A wheel turns because of its encounter with the surface of the road; spinning in the air it goes nowhere. Rubbing two sticks together produces heat and light; one stick alone is just a stick. In both cases, it is friction that produces movement, action, effect. Challenging the widespread view that globalization invariably signifies a “clash” of cultures, anthropologist Anna Tsing here develops friction in its place as a metaphor for the diverse and conflicting social interactions that make up our contemporary world.

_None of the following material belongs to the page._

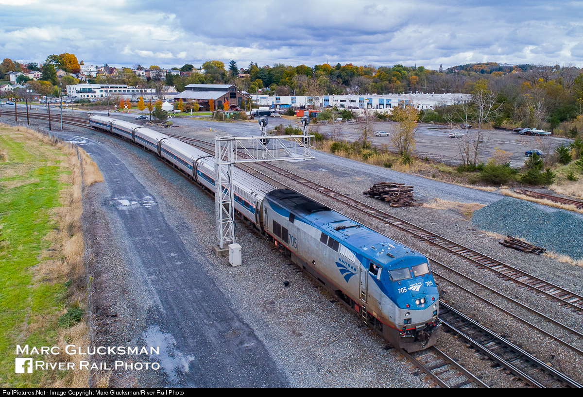 Amtrak 256 passes the NYC searchlights at 114 on the afternoon of Sunday, October 28, 2018 in Hudson, NY. While there have been substantial reductions in the amount of these signals in recent years in other places, the upper Hudson Line still hosts a variety of these relics.

She focuses on one particular “zone of awkward engagement”–the rainforests of Indonesia–where in the 1980s and the 1990s capitalist interests increasingly reshaped the landscape not so much through corporate design as through awkward chains of legal and illegal entrepreneurs that wrested the land from previous claimants, creating resources for distant markets. In response, environmental movements arose to defend the rainforests and the communities of people who live in them. Not confined to a village, a province, or a nation, the social drama of the Indonesian rainforest includes local and national environmentalists, international science, North American investors, advocates for Brazilian rubber tappers, UN funding agencies, mountaineers, village elders, and urban students, among others–all combining in unpredictable, messy misunderstandings, but misunderstandings that sometimes work out.

Providing a portfolio of methods to study global interconnections, Tsing shows how curious and creative cultural differences are in the grip of worldly encounter, and how much is overlooked in contemporary theories of the global.